Monday, December 9, 2019

Creating the Chinese Empire: The Philosophy of Legalism

( Part 3 in series on History of Chinese Philosophy in historical context)

During the 4th and 3rd centuries BCE,  the formation of 5 or 6 mega-states emerged, consolidating the dozens of fragmented states that had existed in Confucius' times. This period, The Warring States Period, saw the emergence of many competing schools of philosophy, all of which in one way or another responded to Confucius' thought. Among them were 2 of lasting importance, viz., Daoism and Legalism. As we have seen,  Taoism and Confucianism both agree that there is a natural and eternal Way (Tao or Dao) governing the cosmos (Heaven and Earth), and that endless wars and disharmony would end only when people lived in accordance with the Tao (however differently they conceived of the Way).  Legalists had a very different response to the question of how to end the bloodshed and bring unity to bear in the contending states. As the Warring States era approached its endgame, in which one of the states would emerge victorious over the others, the Qin, Zhou, Wei, Han and Qi fought toward a bitter end. Sometimes 2 of these would form alliances to deal with one of the others, but in the end it was the Qin (pronounced "chin" the root word in "China") state that won the day.  The Zhou Empire, such as it was, was finally and definitively brought to an end when it surrendered to a brutal Qin general, Bai Qi, who in turn had the entire Zhou army executed. Approximately 400,000 deaths resulted from this battle.

Legalism was never officially recognized as a state ideology as Confucianism would be from the Han Dynasty until the collapse of the last empire,  the Qing, in 1911. But it is largely through legalism that the Qin was able to create and govern a large united empire where for centuries contending warlords had been fighting seemingly endless wars with one another, as the venerable Zhou Empire remained so only in name.
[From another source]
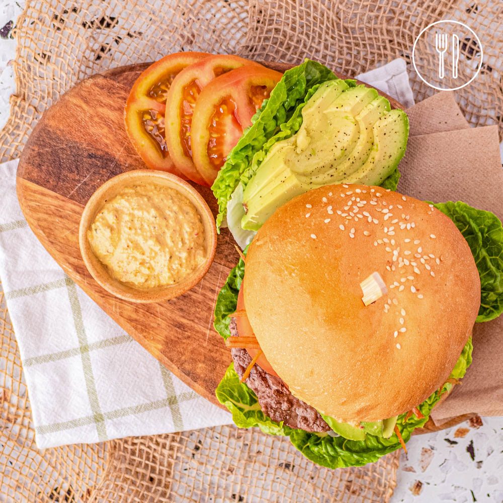 Soft burger buns filled with all the classics - crisp lettuce, fresh tomato, avocado and juicy beef burger patties complemented by a classic burger sauce!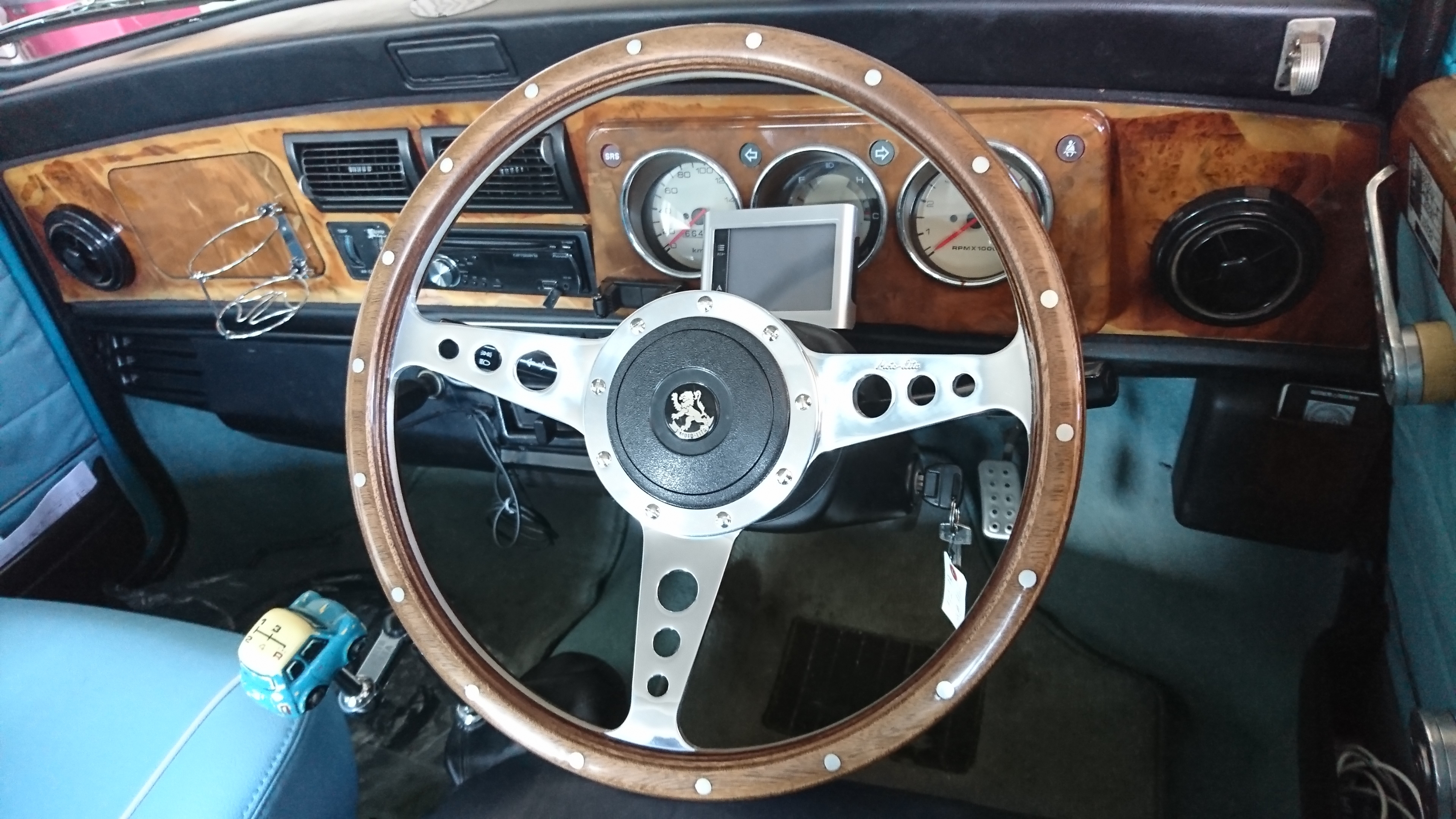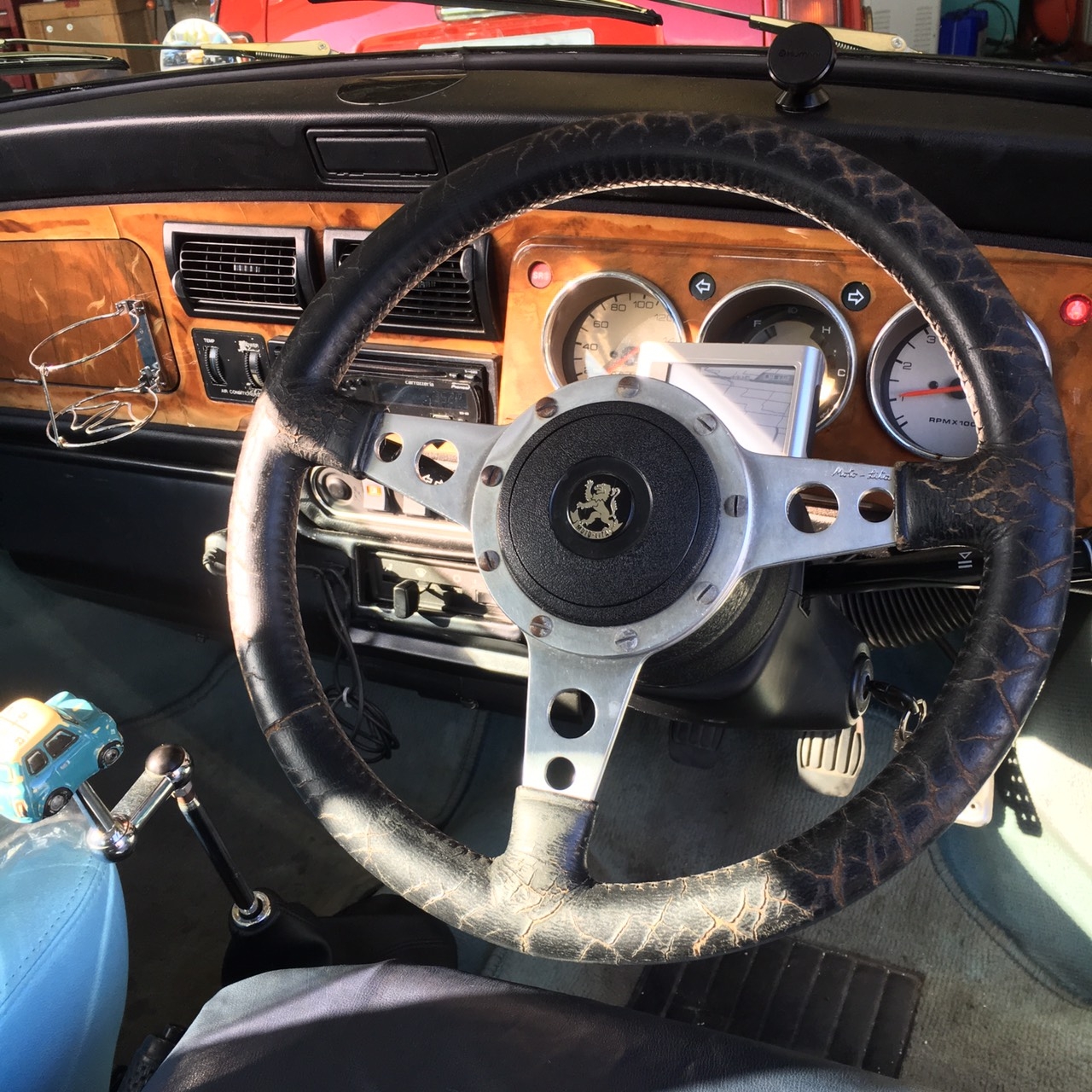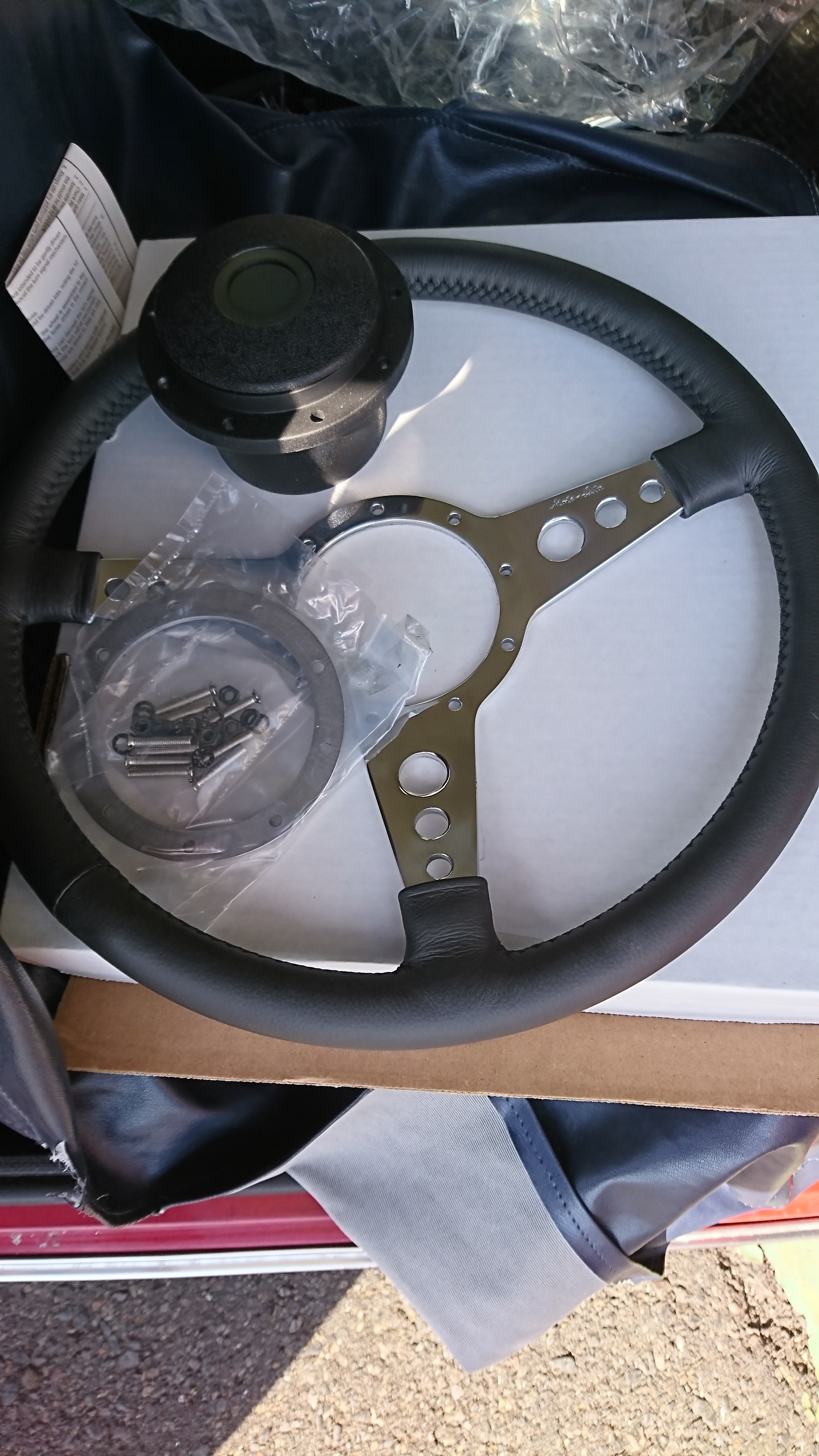 モトリタのステアリングハンドルがついておりましたが、小径のステアリングにしたいという事でMOMO T-1002のTEAM300を装着〜

Now with the Zhou annihilated, it was not clear how the Qin would  rule. By 221, the King of the Qin, having survived several attempted assassinations, assumed the title of Qin Shi Huangdi, meaning something like "the first great Emperor." The title Huangdi had not been used by the Zhou who had ruled as kings ("Wang"). The Huangdi title originally belonged to the legendary, divine ruler of prehistoric China, https://wikipedia.org/wiki/Yellow_Emperor  and semi-legendary successors.There is no title of greater grandeur that could have been picked by this harsh legalistic autocrat, who for all his faults did so much to create a united empire in place of the warring states.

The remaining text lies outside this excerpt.